→ **Aim of the task**: Restate word for word the opening line of the data below and every line after it until the line with "И тут же сама", that line too, but not the pictures.

→ **Recorded data**:
______
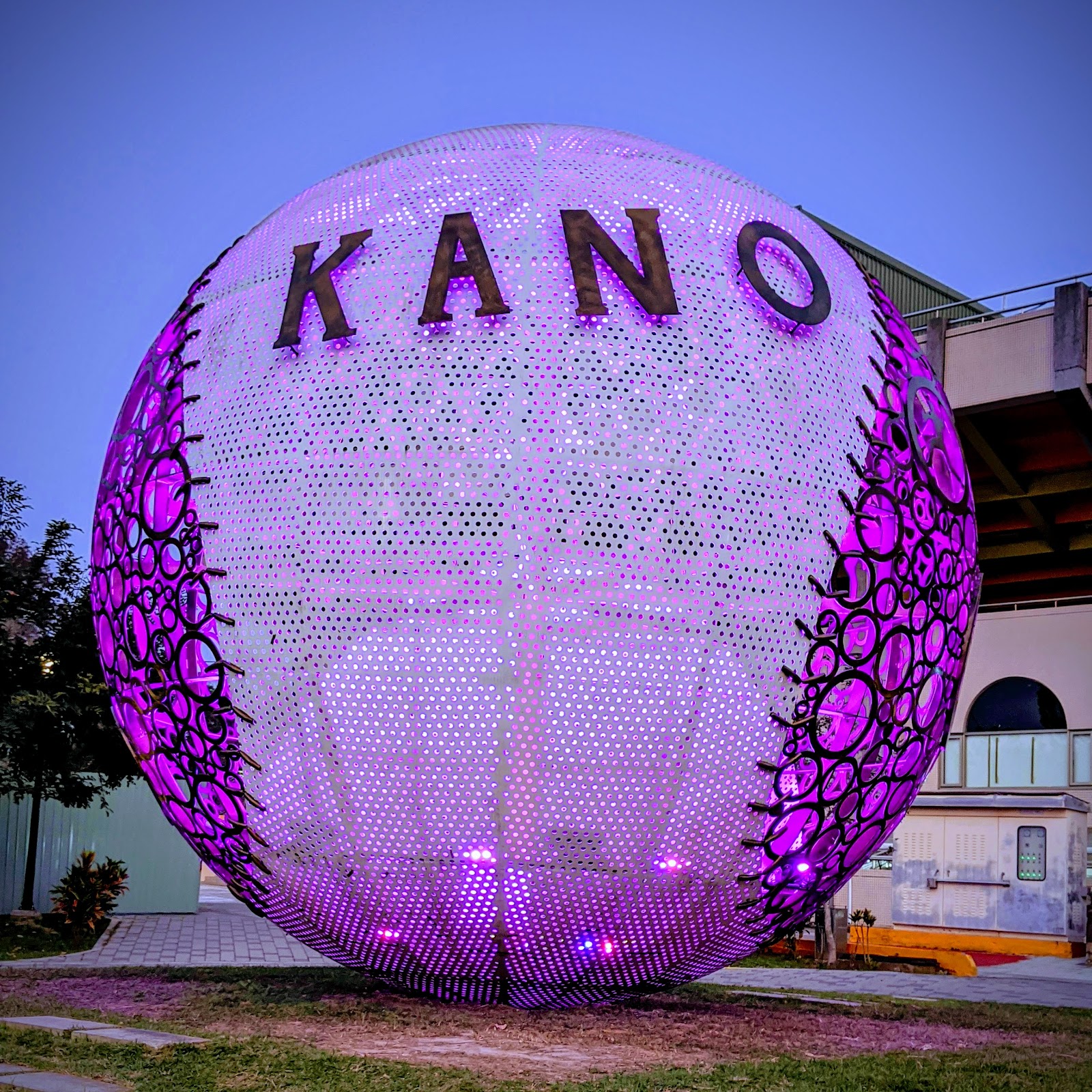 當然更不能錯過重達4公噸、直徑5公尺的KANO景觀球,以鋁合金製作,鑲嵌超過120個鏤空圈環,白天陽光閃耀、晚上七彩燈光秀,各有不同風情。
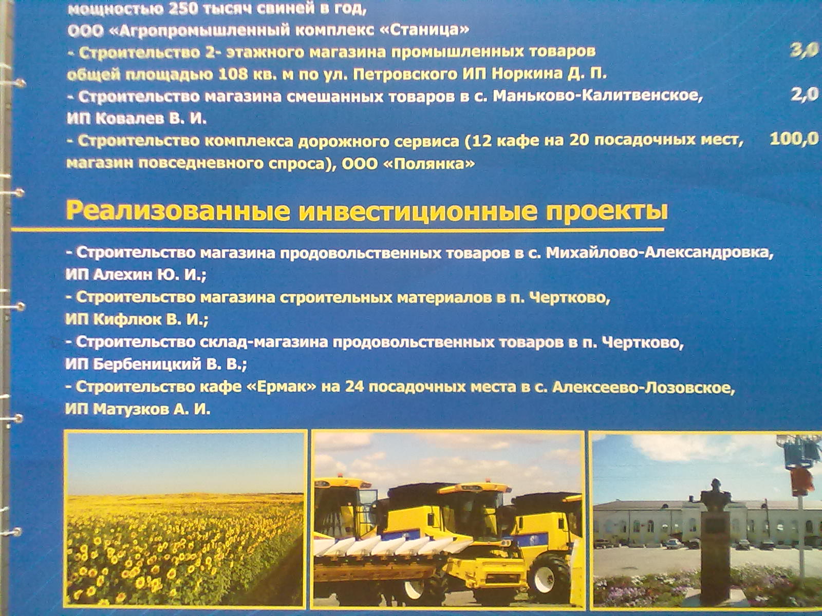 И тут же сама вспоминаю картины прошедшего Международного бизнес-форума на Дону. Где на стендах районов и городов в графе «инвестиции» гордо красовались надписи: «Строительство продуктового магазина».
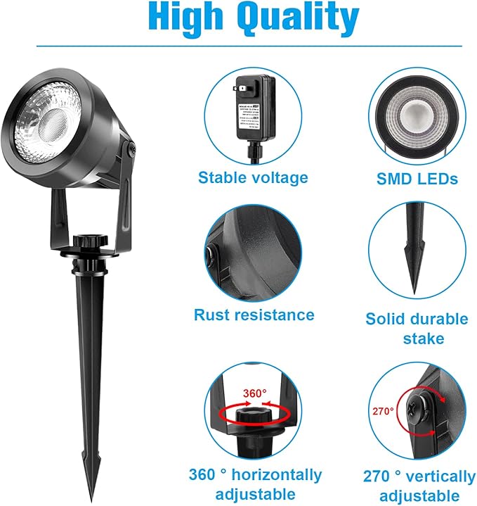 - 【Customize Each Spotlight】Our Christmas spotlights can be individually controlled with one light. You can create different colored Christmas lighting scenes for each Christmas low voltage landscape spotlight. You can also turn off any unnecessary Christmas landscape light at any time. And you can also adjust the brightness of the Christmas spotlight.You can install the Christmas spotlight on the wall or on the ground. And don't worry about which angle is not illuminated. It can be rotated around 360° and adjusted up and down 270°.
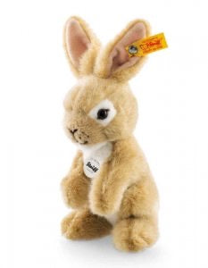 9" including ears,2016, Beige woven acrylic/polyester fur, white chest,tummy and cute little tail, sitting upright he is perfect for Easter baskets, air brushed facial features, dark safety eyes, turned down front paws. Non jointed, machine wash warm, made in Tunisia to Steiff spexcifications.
______
→ **Response for this exercise**:
 當然更不能錯過重達4公噸、直徑5公尺的KANO景觀球,以鋁合金製作,鑲嵌超過120個鏤空圈環,白天陽光閃耀、晚上七彩燈光秀,各有不同風情。
 И тут же сама вспоминаю картины прошедшего Международного бизнес-форума на Дону. Где на стендах районов и городов в графе «инвестиции» гордо красовались надписи: «Строительство продуктового магазина».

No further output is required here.